WORK REQUIRED:
Retype the material that follows exactly, limited to the lines from the one with "Tea Towel Rack, Premium" through the one with "Embrace the serenity", and keep out all pictures.

DATA:

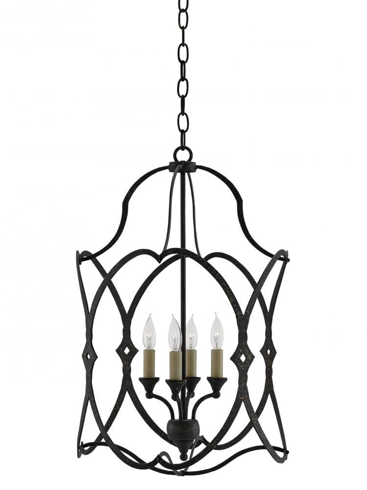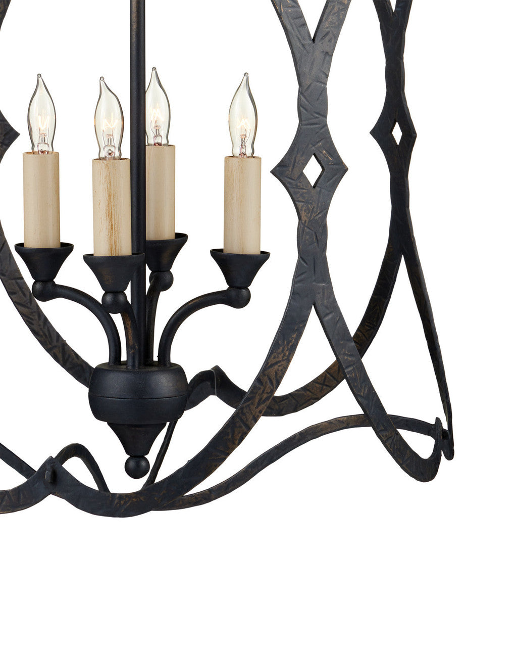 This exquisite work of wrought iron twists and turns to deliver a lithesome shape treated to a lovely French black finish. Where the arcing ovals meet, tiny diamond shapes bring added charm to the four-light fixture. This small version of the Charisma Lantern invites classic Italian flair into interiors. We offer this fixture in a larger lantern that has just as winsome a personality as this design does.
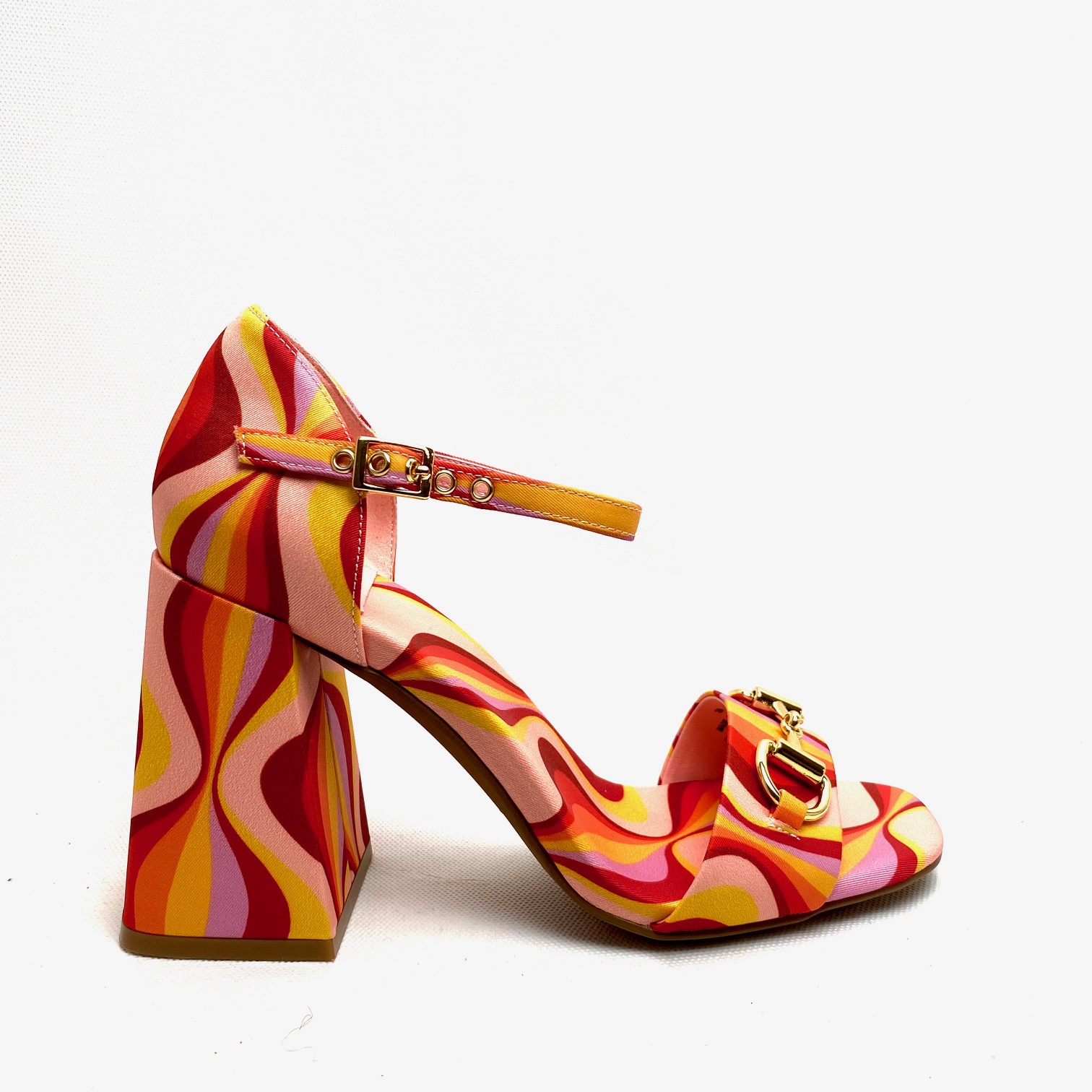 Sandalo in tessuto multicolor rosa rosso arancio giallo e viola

==

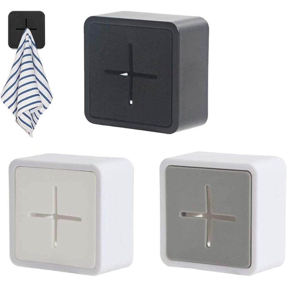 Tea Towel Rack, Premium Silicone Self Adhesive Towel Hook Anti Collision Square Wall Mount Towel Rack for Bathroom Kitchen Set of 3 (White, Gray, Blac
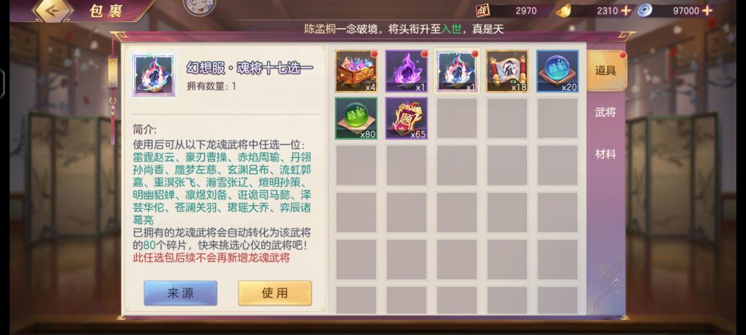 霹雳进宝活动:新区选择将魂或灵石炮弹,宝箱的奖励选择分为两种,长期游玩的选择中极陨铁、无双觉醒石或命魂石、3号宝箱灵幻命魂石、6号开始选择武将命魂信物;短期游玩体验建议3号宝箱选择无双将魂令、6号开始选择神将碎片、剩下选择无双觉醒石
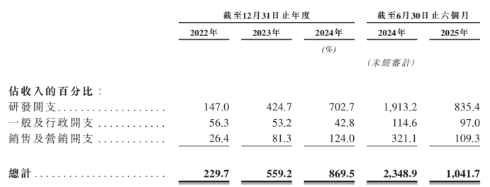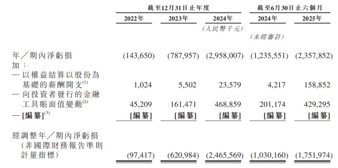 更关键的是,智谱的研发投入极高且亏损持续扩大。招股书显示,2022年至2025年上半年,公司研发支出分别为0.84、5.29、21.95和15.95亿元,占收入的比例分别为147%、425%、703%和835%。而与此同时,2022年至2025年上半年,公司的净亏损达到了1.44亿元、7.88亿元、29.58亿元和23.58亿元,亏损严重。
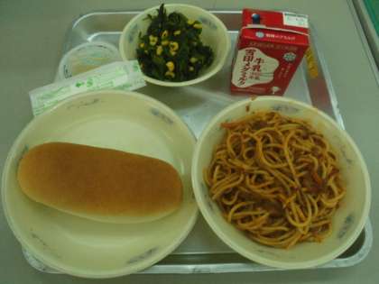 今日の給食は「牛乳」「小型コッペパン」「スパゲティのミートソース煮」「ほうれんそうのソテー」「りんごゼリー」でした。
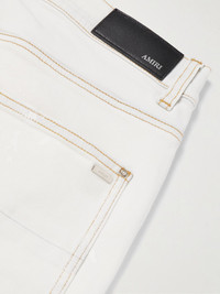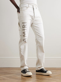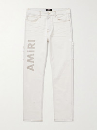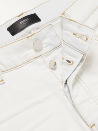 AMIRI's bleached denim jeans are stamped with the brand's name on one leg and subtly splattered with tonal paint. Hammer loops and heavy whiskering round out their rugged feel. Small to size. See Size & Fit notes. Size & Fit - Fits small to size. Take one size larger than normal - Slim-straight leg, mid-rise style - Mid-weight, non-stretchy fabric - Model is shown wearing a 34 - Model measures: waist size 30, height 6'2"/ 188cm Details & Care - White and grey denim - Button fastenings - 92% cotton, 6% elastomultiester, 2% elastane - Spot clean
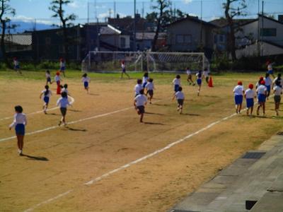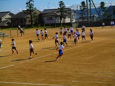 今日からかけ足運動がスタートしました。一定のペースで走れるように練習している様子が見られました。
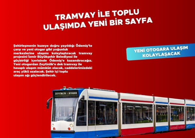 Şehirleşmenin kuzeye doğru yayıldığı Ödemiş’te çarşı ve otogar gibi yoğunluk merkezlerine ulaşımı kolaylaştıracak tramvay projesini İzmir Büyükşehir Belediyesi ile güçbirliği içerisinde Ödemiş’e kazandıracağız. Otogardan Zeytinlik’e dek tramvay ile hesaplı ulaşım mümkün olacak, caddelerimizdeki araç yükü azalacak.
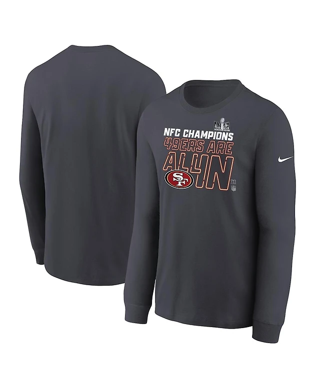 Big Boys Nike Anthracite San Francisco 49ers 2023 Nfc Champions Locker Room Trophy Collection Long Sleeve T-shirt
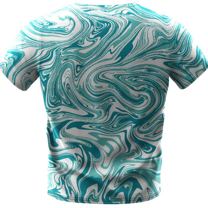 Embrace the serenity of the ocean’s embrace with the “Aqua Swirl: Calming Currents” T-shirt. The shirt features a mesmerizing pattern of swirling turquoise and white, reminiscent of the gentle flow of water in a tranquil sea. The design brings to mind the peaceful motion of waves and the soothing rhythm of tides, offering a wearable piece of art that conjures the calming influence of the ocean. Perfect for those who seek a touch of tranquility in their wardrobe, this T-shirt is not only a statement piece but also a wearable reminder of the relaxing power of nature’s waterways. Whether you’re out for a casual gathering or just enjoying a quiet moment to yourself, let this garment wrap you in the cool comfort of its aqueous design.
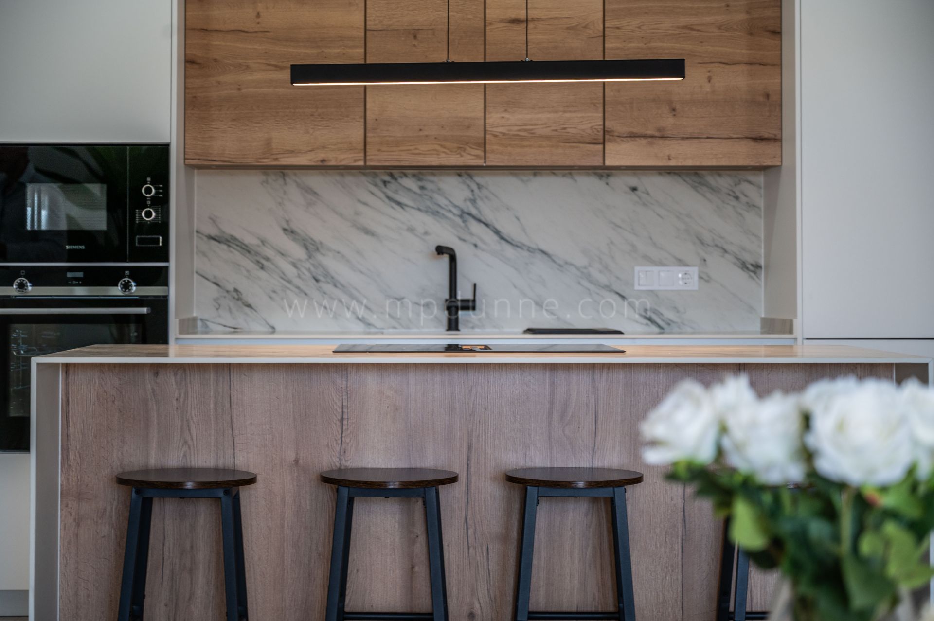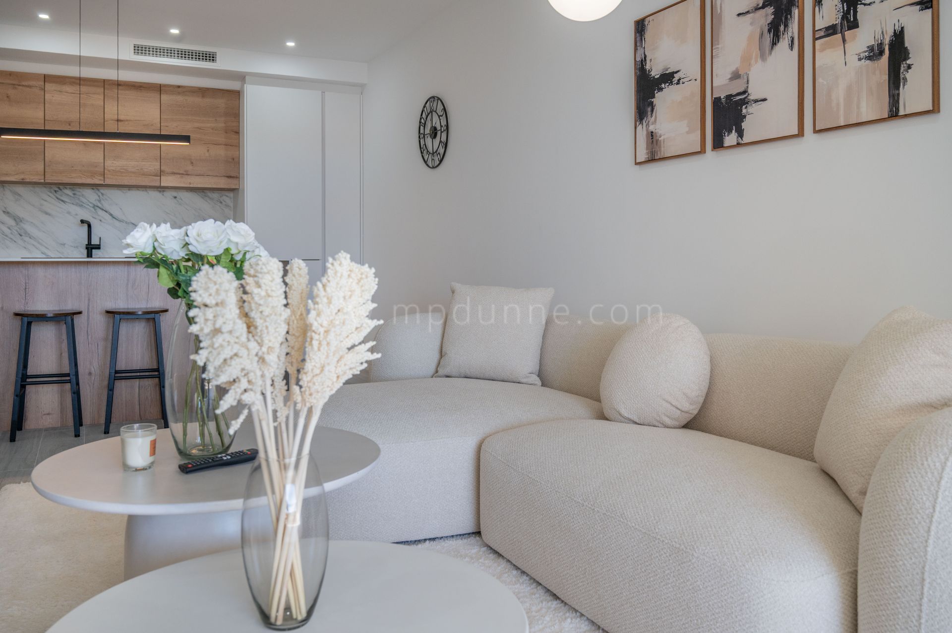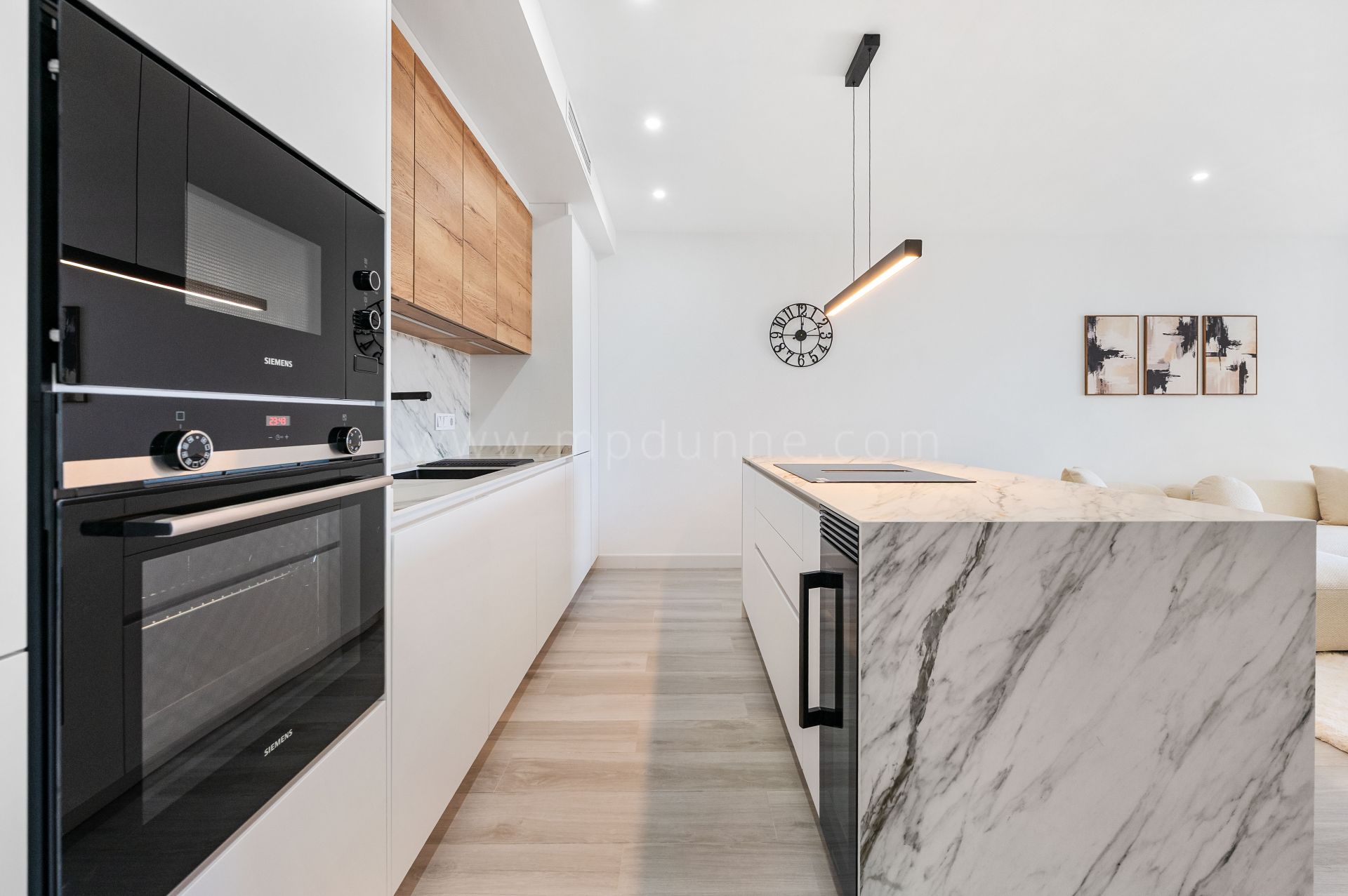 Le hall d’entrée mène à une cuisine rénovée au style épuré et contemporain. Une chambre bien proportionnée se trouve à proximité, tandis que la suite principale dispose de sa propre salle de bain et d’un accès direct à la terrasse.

SOLUTION TO THIS EXERCISE:
 Tea Towel Rack, Premium Silicone Self Adhesive Towel Hook Anti Collision Square Wall Mount Towel Rack for Bathroom Kitchen Set of 3 (White, Gray, Blac
 霹雳进宝活动:新区选择将魂或灵石炮弹,宝箱的奖励选择分为两种,长期游玩的选择中极陨铁、无双觉醒石或命魂石、3号宝箱灵幻命魂石、6号开始选择武将命魂信物;短期游玩体验建议3号宝箱选择无双将魂令、6号开始选择神将碎片、剩下选择无双觉醒石
 更关键的是,智谱的研发投入极高且亏损持续扩大。招股书显示,2022年至2025年上半年,公司研发支出分别为0.84、5.29、21.95和15.95亿元,占收入的比例分别为147%、425%、703%和835%。而与此同时,2022年至2025年上半年,公司的净亏损达到了1.44亿元、7.88亿元、29.58亿元和23.58亿元,亏损严重。
 今日の給食は「牛乳」「小型コッペパン」「スパゲティのミートソース煮」「ほうれんそうのソテー」「りんごゼリー」でした。
 AMIRI's bleached denim jeans are stamped with the brand's name on one leg and subtly splattered with tonal paint. Hammer loops and heavy whiskering round out their rugged feel. Small to size. See Size & Fit notes. Size & Fit - Fits small to size. Take one size larger than normal - Slim-straight leg, mid-rise style - Mid-weight, non-stretchy fabric - Model is shown wearing a 34 - Model measures: waist size 30, height 6'2"/ 188cm Details & Care - White and grey denim - Button fastenings - 92% cotton, 6% elastomultiester, 2% elastane - Spot clean
 今日からかけ足運動がスタートしました。一定のペースで走れるように練習している様子が見られました。
 Şehirleşmenin kuzeye doğru yayıldığı Ödemiş’te çarşı ve otogar gibi yoğunluk merkezlerine ulaşımı kolaylaştıracak tramvay projesini İzmir Büyükşehir Belediyesi ile güçbirliği içerisinde Ödemiş’e kazandıracağız. Otogardan Zeytinlik’e dek tramvay ile hesaplı ulaşım mümkün olacak, caddelerimizdeki araç yükü azalacak.
 Big Boys Nike Anthracite San Francisco 49ers 2023 Nfc Champions Locker Room Trophy Collection Long Sleeve T-shirt
 Embrace the serenity of the ocean’s embrace with the “Aqua Swirl: Calming Currents” T-shirt. The shirt features a mesmerizing pattern of swirling turquoise and white, reminiscent of the gentle flow of water in a tranquil sea. The design brings to mind the peaceful motion of waves and the soothing rhythm of tides, offering a wearable piece of art that conjures the calming influence of the ocean. Perfect for those who seek a touch of tranquility in their wardrobe, this T-shirt is not only a statement piece but also a wearable reminder of the relaxing power of nature’s waterways. Whether you’re out for a casual gathering or just enjoying a quiet moment to yourself, let this garment wrap you in the cool comfort of its aqueous design.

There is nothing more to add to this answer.